Start of Block
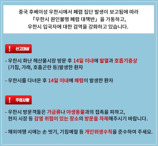 우한 폐렴의 확산을 막으려면 의료진 협조도 필수입니다. 무엇보다 우한시 등 해외여행을 다녀온 것으로 확인한 환자에게 이상증상이 없는지 증상을 꼼꼼히 확인하는 게 중요합니다. 우한시를 다녀온 후 14일 동안 열이 37.5도 이상으로 오르고 기침을 하지 않는지, 폐렴 증상 등을 확인해야 합니다.
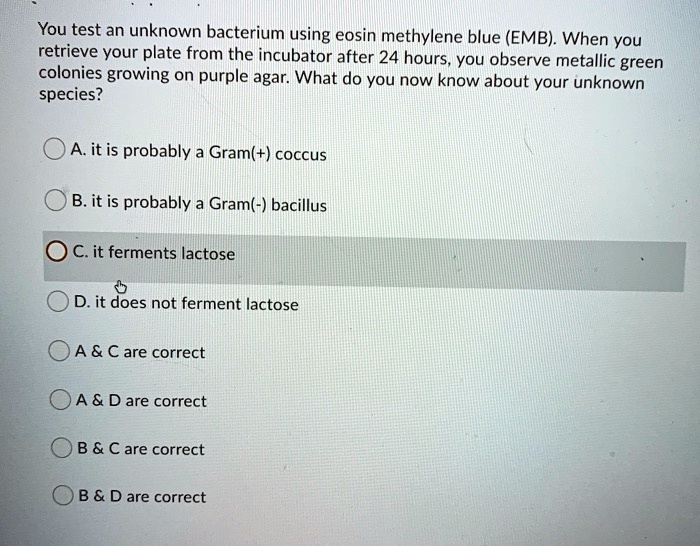 SOLVED: You test an unknown bacterium using eosin methylene blue (EMB ...
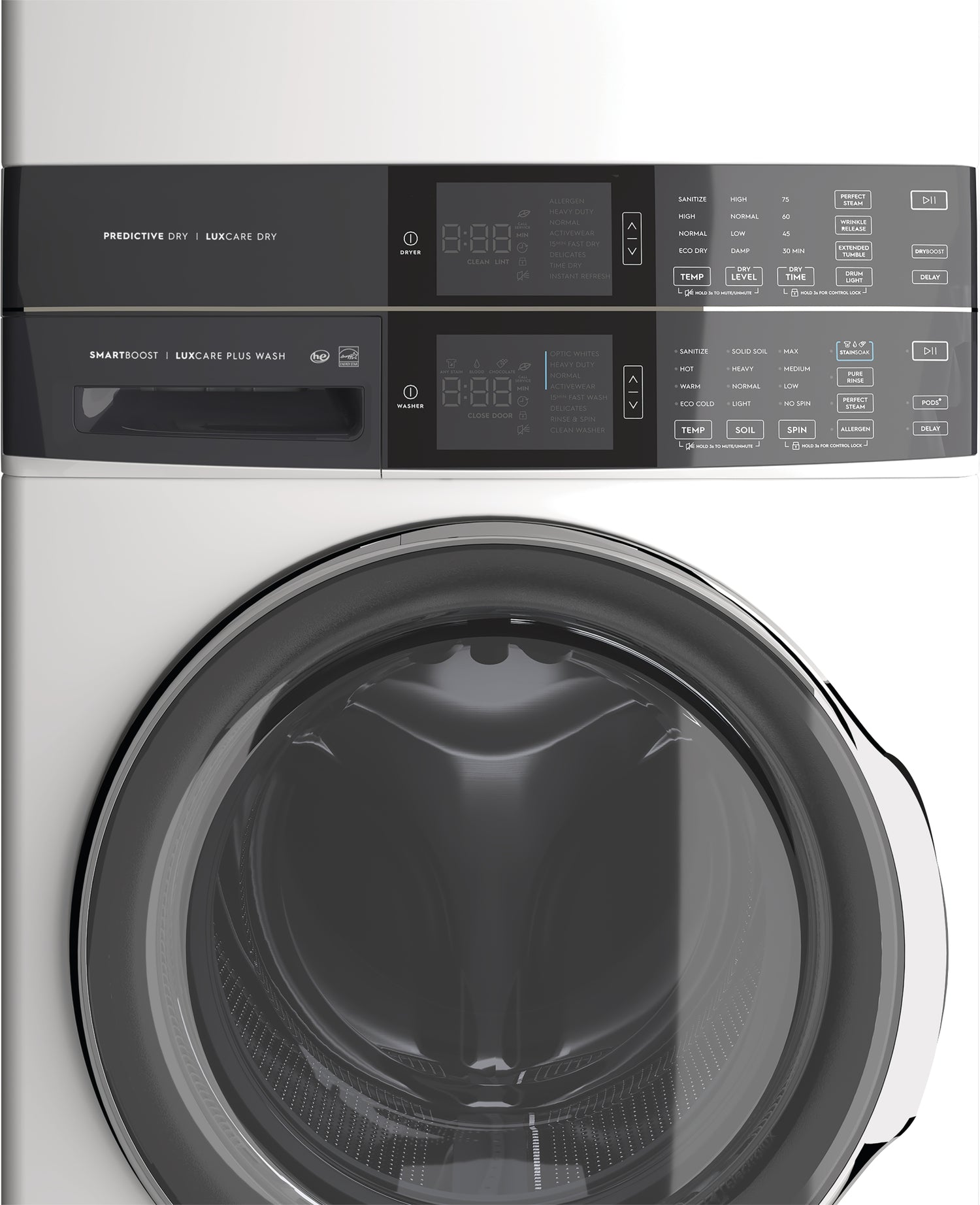 Vertical Stacked Design: SmartBoost: LuxCare Dry System: Optic Whites™: Instant Refresh Cycle: StainSoak™: Sanitize Setting: Fast Wash and Fast Dry: Adaptive Dispenser™: |
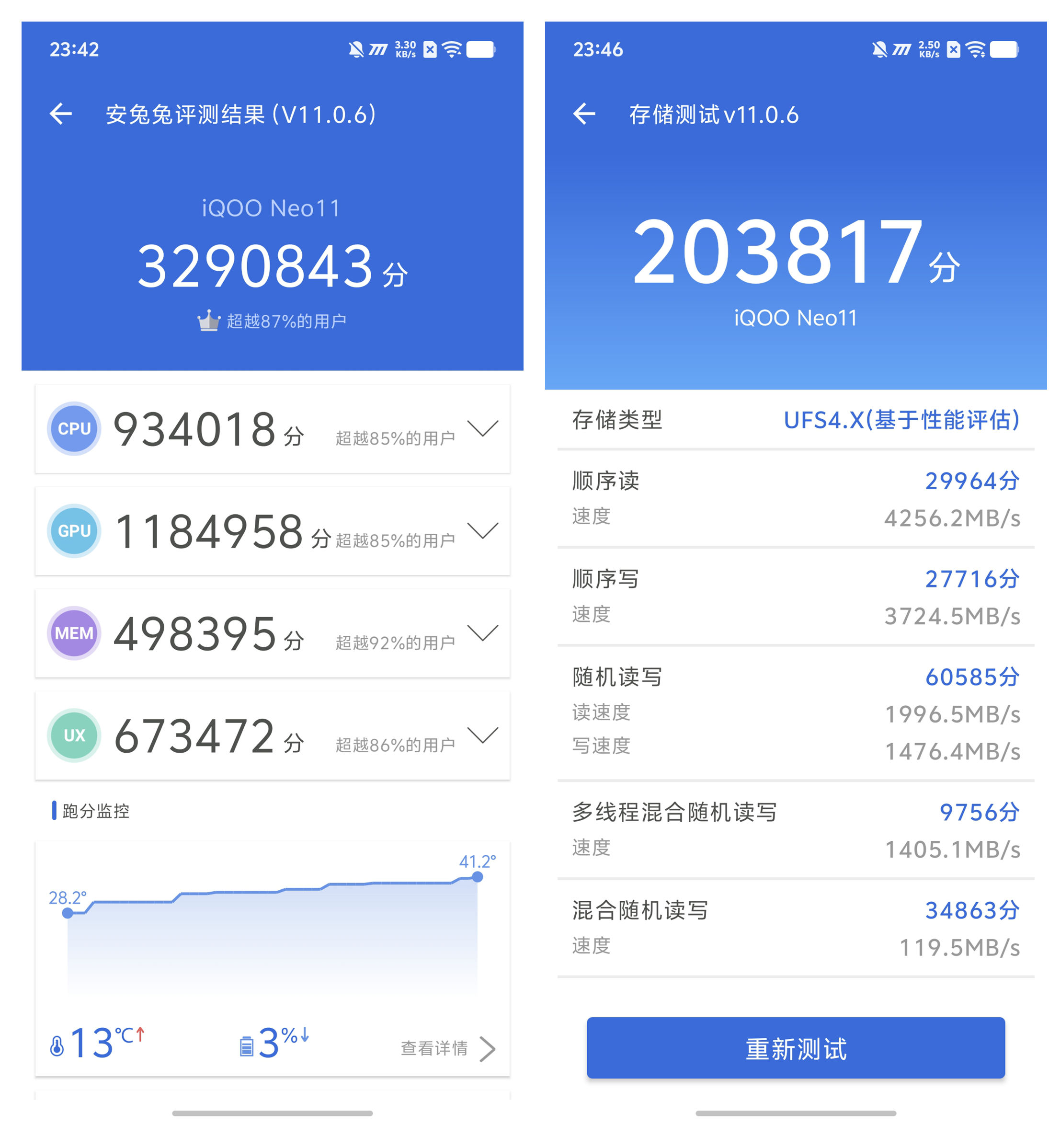并且在散热方面,iQOO给到了8K冰穹 VC 液冷散热系统,相当于可以在10 秒就让手机的温度降下来 15℃,亲测,在连续玩了1个小时的游戏,机身也只是温热,机身背部温度最高不超过37℃,完全不会烫手。说实话,这次iQOO Neo11我觉得完全就是一台同档位最强的游戏手机,非常适合游戏党用户使用。
End of Block
What you have to do: Return the whole listing word for word, minus its pictures.

Result for this exercise:
 우한 폐렴의 확산을 막으려면 의료진 협조도 필수입니다. 무엇보다 우한시 등 해외여행을 다녀온 것으로 확인한 환자에게 이상증상이 없는지 증상을 꼼꼼히 확인하는 게 중요합니다. 우한시를 다녀온 후 14일 동안 열이 37.5도 이상으로 오르고 기침을 하지 않는지, 폐렴 증상 등을 확인해야 합니다.
 SOLVED: You test an unknown bacterium using eosin methylene blue (EMB ...
 Vertical Stacked Design: SmartBoost: LuxCare Dry System: Optic Whites™: Instant Refresh Cycle: StainSoak™: Sanitize Setting: Fast Wash and Fast Dry: Adaptive Dispenser™: |
并且在散热方面,iQOO给到了8K冰穹 VC 液冷散热系统,相当于可以在10 秒就让手机的温度降下来 15℃,亲测,在连续玩了1个小时的游戏,机身也只是温热,机身背部温度最高不超过37℃,完全不会烫手。说实话,这次iQOO Neo11我觉得完全就是一台同档位最强的游戏手机,非常适合游戏党用户使用。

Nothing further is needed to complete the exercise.